Sermon Commentary for Sunday, October 17, 2021

Hebrews 5:1-10 Commentary

The master preacher scholar Fred Craddock once called the books of Hebrews and Revelation, “the literature most intimidating to readers of the New Testament.” After all, Hebrews’ Preacher packs his letter with tightly woven arguments that assume familiarity with Israel’s wilderness life.

As Craddock also notes, however, even Hebrews’ writer seems to sense that his book is difficult to understand. After all, after ending this Sunday’s Epistolary Lesson with a reference to Melchizedek, he quickly adds, “it is hard to explain” (11).

The book of Hebrews’ central theme is that Jesus Christ’s saving work is that of a priest. Yet that theme may sound strange to even biblically sensitive ears. After all, Jesus was from the tribe of Judah, not Levi. Nor did Jesus serve at the altar or perform any sacred rites in the temple like Israel’s high priests did.

It’s helpful, then, for Hebrews’ proclaimers to note that a high priest was basically an intermediary between God and God’s people. People chose the high priest to act on behalf of them by offering God gifts and sacrifices for their sins. The high priest, however, also represented God to God’s people through his words and actions. God, in fact, often spoke to God’s people directly through God’s chosen high priest.

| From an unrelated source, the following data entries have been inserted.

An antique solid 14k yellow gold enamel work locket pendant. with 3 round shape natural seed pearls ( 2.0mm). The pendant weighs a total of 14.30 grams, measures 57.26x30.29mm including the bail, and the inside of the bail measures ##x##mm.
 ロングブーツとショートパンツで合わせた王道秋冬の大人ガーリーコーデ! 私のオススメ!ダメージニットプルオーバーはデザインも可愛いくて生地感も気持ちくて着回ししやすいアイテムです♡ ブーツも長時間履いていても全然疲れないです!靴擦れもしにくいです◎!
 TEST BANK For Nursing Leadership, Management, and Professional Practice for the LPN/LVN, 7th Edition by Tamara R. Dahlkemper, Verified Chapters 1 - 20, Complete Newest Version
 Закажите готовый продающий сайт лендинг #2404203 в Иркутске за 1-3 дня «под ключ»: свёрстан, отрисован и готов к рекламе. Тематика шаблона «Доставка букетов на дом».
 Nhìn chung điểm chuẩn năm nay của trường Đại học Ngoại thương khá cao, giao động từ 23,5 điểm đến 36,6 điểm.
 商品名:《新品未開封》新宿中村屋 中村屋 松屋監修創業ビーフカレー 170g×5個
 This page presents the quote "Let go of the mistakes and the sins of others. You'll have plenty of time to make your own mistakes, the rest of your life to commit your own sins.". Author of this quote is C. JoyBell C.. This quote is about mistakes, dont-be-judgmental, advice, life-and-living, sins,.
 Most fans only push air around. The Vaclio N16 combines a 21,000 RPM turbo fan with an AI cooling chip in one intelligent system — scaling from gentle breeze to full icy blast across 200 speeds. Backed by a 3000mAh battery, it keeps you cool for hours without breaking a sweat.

Of course, our 21st century culture sometimes talks and listens to God as casually as it might to a next door neighbor. So it’s hard for at least some of our contemporaries to think of needing an intermediary to speak for God to us or to God for us. God’s Old Testament people, however, at their best, understood that the almost infinite gap between our holy, awesome God and sinful creatures like us created the need for such a go-between.

As one scholar notes, we’re aware of the chasm between some famous people and us. After all, we’d think twice about just sauntering up to people like President Biden, Sidney Crosby, or Beyonce. In fact, we realize we’d need a go-between who could put in a good word for us with them.

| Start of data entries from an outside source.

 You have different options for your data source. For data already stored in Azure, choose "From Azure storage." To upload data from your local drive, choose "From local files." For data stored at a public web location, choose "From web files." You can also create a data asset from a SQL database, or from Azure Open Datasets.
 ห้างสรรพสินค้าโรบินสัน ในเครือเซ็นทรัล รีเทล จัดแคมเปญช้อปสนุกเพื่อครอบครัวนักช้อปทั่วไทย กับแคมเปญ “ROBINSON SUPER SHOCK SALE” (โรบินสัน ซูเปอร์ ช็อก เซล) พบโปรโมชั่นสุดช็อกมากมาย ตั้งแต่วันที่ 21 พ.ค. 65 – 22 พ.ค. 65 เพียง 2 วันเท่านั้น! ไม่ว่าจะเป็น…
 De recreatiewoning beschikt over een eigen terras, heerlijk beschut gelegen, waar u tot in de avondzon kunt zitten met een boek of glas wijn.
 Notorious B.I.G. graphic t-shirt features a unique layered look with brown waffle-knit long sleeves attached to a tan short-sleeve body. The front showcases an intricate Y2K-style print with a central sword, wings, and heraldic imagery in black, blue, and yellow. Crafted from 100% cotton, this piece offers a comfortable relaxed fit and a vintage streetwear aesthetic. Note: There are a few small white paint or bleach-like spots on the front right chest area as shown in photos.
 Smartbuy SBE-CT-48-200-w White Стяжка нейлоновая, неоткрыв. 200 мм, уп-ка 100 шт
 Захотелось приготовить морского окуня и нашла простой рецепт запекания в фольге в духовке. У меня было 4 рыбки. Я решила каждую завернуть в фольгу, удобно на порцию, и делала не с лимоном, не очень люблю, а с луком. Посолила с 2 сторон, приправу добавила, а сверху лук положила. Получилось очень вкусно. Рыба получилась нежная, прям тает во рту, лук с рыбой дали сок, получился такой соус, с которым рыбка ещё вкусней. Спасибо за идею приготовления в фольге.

Yet in our most honest moments, Christians recognize that a far greater gap lies between the Lord who both made and cares for everything that God created and us. Whether we walk through a magnificent old-growth forest or peer through a microscope, we sense how puny we are.

Of course, we naturally like to think of ourselves as important. After all, God created us in God’s image. Many of us come to church once if not twice most weeks. Jesus’ friends support the church’s work. We also try to live good and honest lives.

Yet when God’s adopted sons and daughters are honest with ourselves and each other, we have to admit that we’ve stubbornly disobeyed God’s will for us. While God is holy, we’re sometimes thoroughly unholy. While God is righteous, even God’s beloved people have been unrighteous.

On top of that, while we occupy just a tiny corner of God’s creation, not even our relatively tiny planet can contain the Lord. So when we think of the immense gap between God and us, we sense that we need someone who will “put in a good word” for us with the Lord.

So is Jesus that “high priest”? Verse 5 insists that he “did not take upon himself” that glory. This was an important assertion because Israelites didn’t just volunteer be a priest, like we might volunteer to be a chaperone for our child’s field trip. Someone had to choose people to be priests.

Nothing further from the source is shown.